___ Given records ___

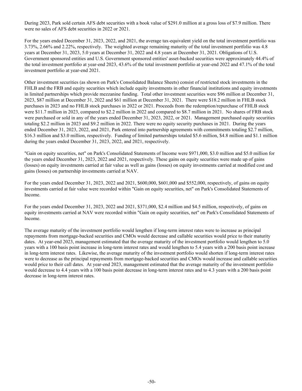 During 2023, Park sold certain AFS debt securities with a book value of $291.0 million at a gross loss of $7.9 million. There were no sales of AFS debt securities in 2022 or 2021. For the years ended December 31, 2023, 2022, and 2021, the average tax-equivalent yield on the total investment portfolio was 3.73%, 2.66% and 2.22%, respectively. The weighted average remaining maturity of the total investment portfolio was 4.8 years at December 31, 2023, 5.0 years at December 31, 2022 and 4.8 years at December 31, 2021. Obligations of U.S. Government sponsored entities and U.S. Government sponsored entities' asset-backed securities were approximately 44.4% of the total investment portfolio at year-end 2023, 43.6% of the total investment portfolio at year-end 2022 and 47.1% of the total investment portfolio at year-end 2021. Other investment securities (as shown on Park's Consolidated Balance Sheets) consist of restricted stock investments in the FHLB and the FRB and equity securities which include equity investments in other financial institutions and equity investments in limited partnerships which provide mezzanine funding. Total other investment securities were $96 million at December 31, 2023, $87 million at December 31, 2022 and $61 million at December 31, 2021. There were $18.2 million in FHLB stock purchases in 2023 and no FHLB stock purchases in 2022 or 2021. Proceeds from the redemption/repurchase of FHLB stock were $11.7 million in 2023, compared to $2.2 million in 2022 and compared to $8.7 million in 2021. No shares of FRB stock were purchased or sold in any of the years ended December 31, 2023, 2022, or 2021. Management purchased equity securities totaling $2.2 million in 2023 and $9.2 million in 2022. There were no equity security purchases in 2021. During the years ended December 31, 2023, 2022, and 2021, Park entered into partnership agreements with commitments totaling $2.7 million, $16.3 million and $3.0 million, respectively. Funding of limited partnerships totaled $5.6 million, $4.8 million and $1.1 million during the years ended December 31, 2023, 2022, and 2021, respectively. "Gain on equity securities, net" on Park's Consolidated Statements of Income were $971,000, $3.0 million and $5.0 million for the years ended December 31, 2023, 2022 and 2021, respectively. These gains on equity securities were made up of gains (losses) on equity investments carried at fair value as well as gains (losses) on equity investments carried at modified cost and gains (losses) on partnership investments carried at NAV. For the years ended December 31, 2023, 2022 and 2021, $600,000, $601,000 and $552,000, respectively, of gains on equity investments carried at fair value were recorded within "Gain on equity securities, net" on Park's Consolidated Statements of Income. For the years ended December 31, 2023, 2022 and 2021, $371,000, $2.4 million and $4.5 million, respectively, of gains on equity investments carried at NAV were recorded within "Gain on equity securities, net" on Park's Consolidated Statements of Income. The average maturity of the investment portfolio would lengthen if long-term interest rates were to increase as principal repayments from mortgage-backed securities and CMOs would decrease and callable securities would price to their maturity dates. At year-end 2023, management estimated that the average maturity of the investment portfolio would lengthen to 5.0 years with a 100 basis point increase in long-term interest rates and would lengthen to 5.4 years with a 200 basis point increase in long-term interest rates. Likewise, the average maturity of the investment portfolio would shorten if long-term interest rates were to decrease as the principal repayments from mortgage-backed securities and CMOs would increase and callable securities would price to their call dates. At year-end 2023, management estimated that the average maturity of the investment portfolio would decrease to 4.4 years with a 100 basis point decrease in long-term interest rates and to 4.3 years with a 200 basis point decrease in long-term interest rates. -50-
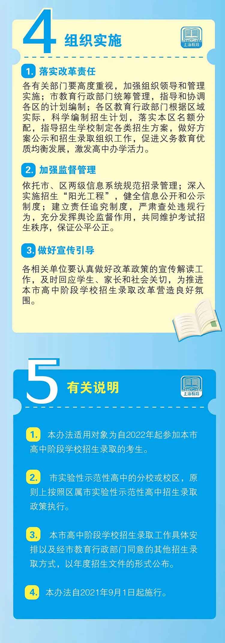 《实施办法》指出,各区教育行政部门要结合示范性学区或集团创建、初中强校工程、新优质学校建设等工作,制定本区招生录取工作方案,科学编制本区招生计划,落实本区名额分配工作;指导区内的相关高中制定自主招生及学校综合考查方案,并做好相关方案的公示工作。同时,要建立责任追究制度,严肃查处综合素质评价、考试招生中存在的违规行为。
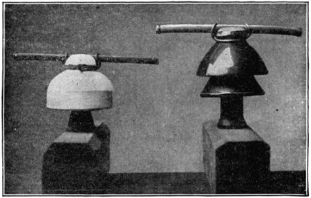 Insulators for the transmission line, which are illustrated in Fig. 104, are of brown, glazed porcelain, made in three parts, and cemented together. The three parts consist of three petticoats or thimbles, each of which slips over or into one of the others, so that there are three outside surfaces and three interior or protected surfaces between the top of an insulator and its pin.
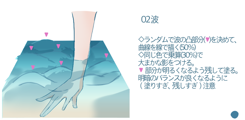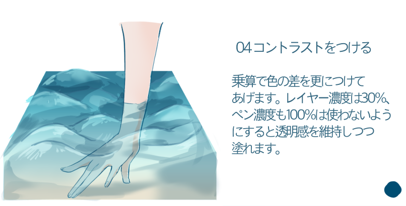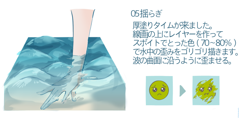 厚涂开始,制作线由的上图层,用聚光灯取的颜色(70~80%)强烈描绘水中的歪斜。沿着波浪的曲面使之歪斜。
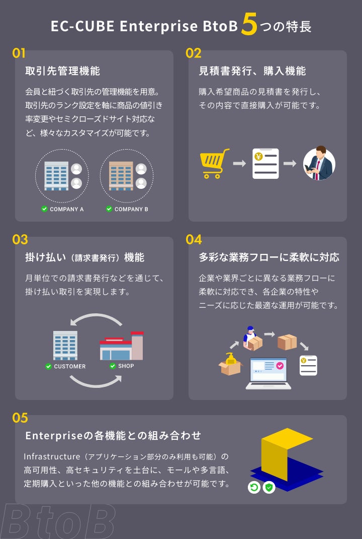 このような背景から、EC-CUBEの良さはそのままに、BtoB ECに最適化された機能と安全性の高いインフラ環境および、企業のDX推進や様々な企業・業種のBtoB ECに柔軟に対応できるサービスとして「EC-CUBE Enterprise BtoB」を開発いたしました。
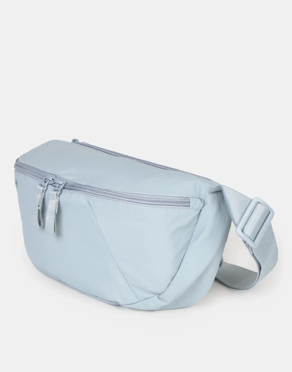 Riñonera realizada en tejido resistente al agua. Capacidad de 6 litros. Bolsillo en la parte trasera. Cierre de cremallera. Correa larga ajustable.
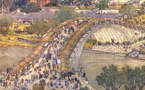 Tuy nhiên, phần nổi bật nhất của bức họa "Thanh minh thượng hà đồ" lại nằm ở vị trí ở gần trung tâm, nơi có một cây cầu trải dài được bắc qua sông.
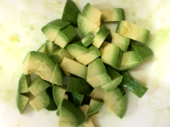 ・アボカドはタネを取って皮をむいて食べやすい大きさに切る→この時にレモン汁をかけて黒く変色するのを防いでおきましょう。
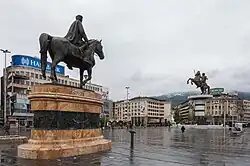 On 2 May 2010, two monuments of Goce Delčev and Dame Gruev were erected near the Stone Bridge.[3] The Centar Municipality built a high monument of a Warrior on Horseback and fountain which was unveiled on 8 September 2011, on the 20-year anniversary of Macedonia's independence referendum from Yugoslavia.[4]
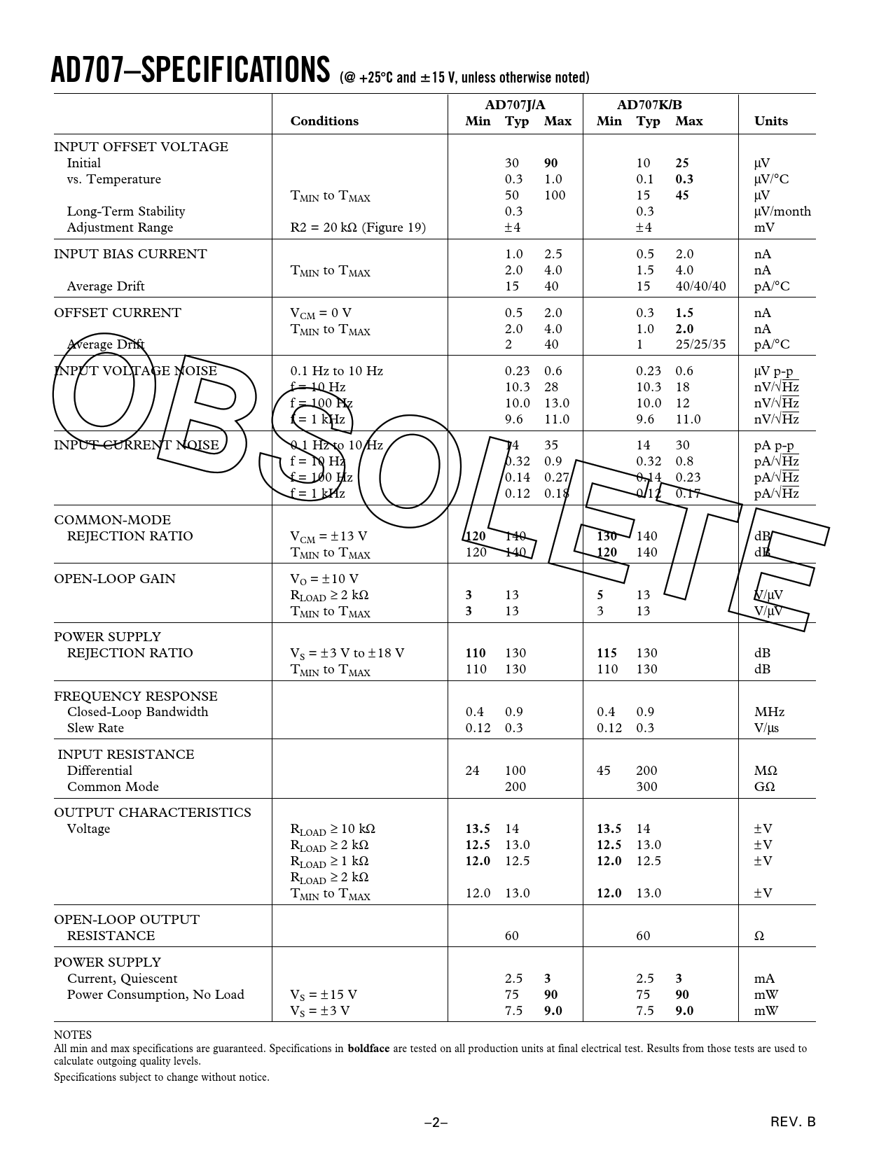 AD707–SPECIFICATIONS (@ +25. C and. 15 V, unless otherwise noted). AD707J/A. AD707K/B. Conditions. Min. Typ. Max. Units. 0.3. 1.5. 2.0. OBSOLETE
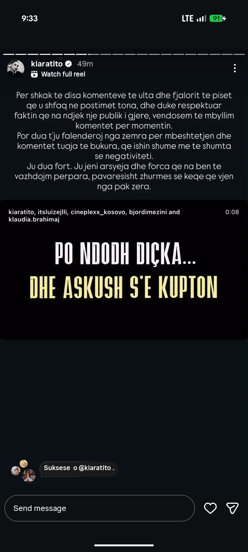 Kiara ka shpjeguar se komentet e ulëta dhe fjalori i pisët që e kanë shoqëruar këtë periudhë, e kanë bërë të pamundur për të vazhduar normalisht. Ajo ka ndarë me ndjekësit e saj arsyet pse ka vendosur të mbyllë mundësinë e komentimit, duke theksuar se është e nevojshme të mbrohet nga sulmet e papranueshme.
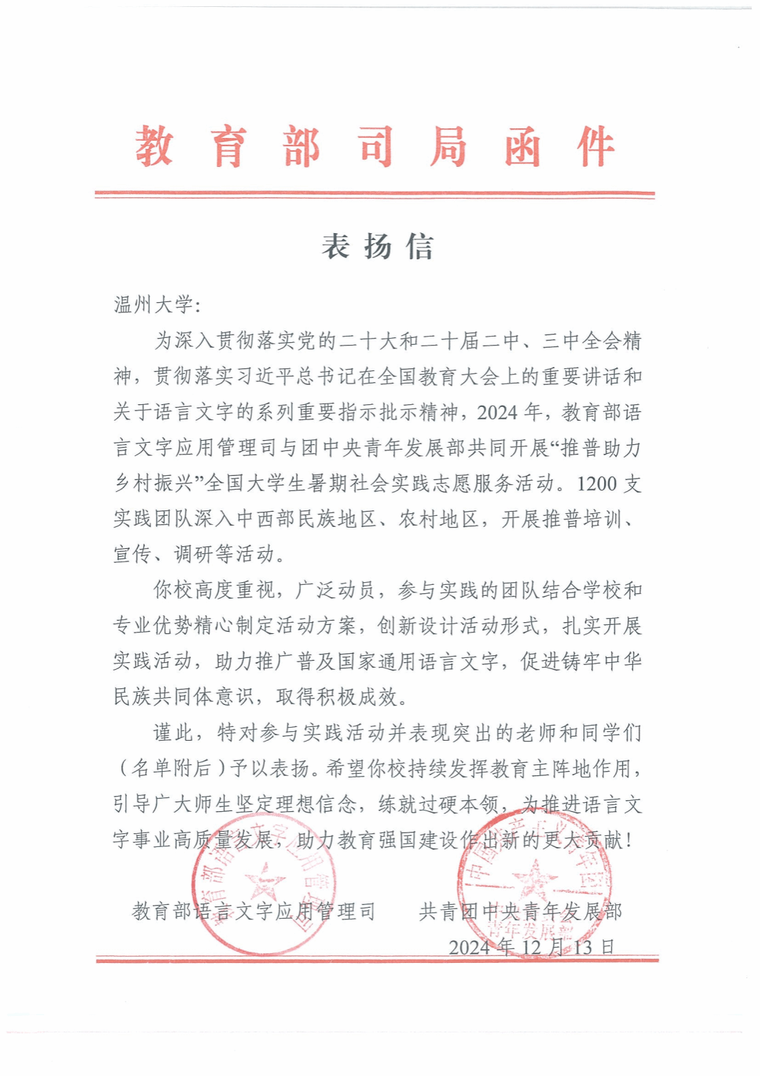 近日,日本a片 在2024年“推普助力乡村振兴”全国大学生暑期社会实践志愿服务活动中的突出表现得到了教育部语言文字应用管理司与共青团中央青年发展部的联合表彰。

___
___ Given records ___

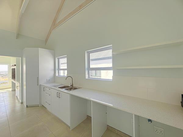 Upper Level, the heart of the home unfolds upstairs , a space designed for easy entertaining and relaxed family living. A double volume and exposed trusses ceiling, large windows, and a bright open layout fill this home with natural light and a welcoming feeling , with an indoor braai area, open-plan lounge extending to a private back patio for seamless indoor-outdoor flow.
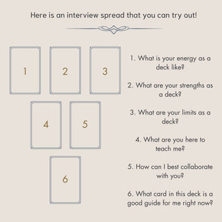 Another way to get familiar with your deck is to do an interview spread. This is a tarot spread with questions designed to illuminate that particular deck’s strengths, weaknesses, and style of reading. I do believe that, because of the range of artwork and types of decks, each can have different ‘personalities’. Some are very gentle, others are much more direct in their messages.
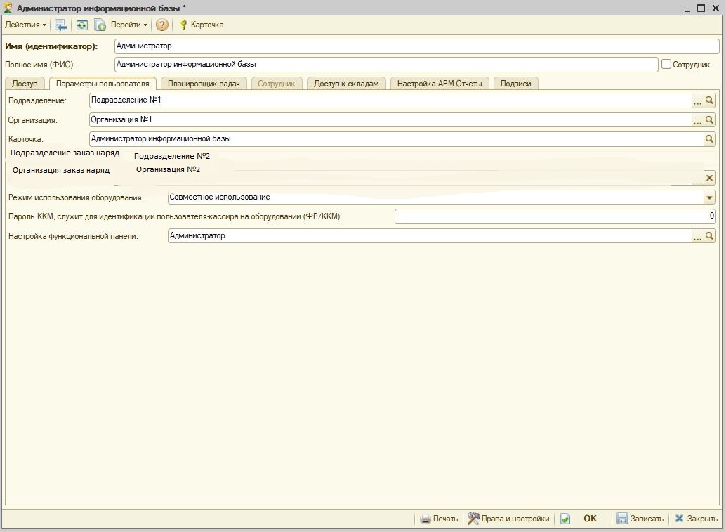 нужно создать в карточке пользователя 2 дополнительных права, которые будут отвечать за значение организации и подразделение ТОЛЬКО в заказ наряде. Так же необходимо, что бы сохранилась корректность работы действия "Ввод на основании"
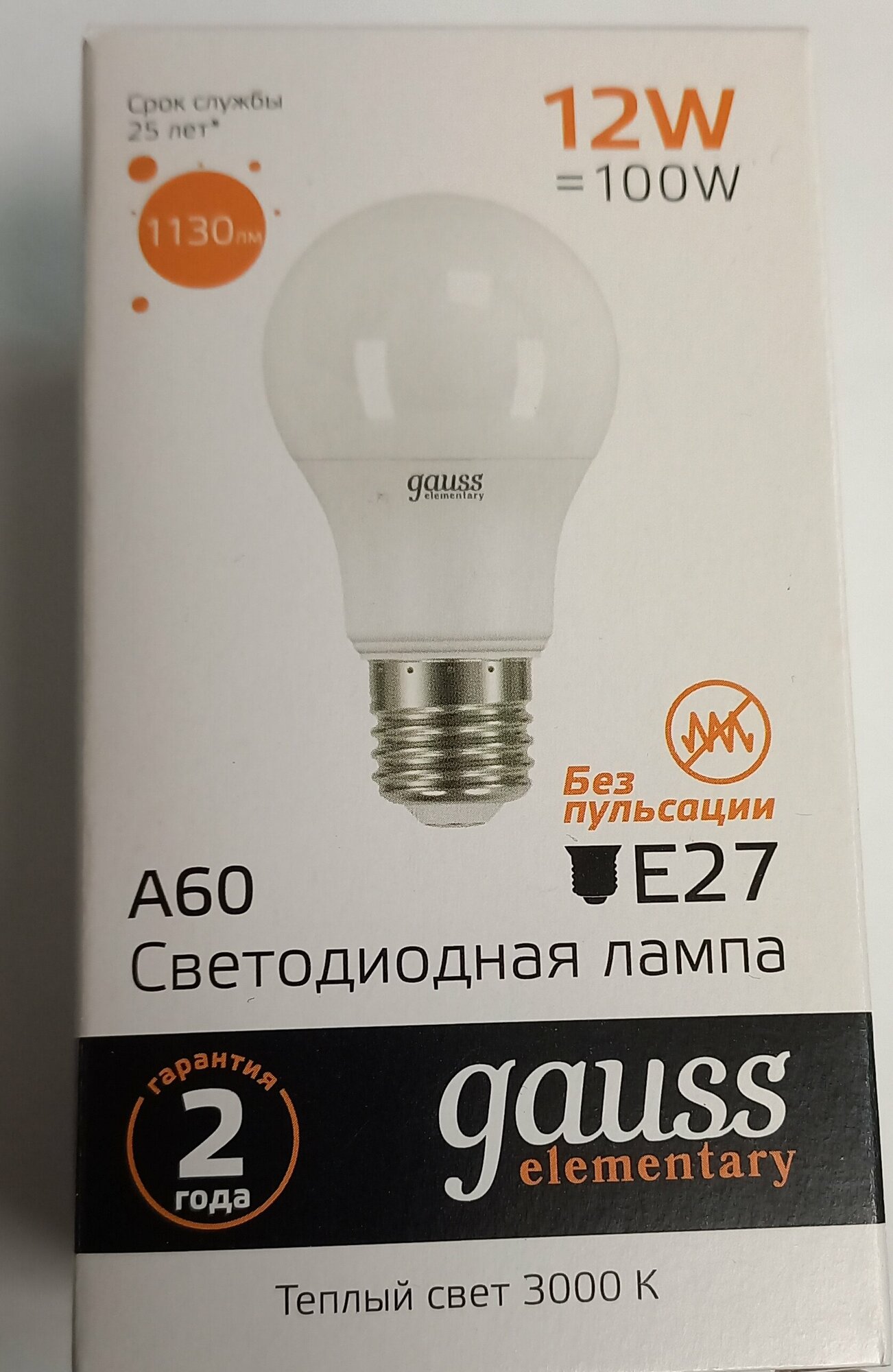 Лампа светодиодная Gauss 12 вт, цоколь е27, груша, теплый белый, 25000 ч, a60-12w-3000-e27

___
___ Given records ___

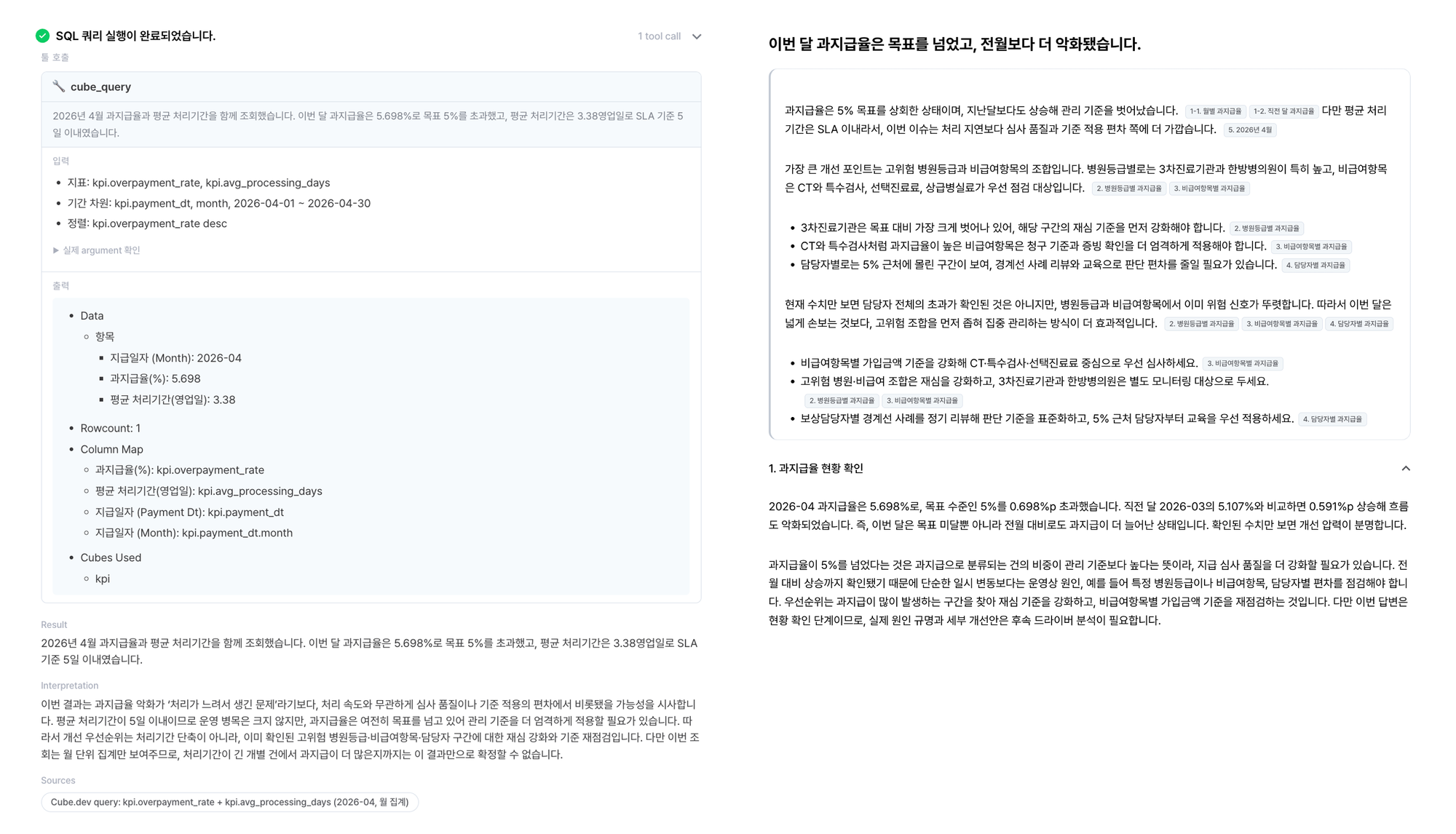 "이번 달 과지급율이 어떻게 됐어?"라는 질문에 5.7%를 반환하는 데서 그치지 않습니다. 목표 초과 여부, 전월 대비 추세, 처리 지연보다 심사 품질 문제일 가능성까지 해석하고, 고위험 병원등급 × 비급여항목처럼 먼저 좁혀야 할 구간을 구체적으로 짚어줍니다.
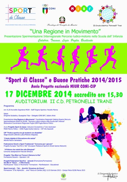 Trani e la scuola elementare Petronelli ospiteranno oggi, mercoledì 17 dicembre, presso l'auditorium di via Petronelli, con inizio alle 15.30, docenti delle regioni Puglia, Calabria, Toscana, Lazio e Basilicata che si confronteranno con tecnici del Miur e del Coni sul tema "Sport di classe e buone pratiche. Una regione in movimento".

___

Please copy the lines above exactly, starting at the line that holds "Insulators for the" and ending at the line that holds "Riñonera realizada en"; include both, but no pictures.

 Insulators for the transmission line, which are illustrated in Fig. 104, are of brown, glazed porcelain, made in three parts, and cemented together. The three parts consist of three petticoats or thimbles, each of which slips over or into one of the others, so that there are three outside surfaces and three interior or protected surfaces between the top of an insulator and its pin.
 厚涂开始,制作线由的上图层,用聚光灯取的颜色(70~80%)强烈描绘水中的歪斜。沿着波浪的曲面使之歪斜。
 このような背景から、EC-CUBEの良さはそのままに、BtoB ECに最適化された機能と安全性の高いインフラ環境および、企業のDX推進や様々な企業・業種のBtoB ECに柔軟に対応できるサービスとして「EC-CUBE Enterprise BtoB」を開発いたしました。
 Riñonera realizada en tejido resistente al agua. Capacidad de 6 litros. Bolsillo en la parte trasera. Cierre de cremallera. Correa larga ajustable.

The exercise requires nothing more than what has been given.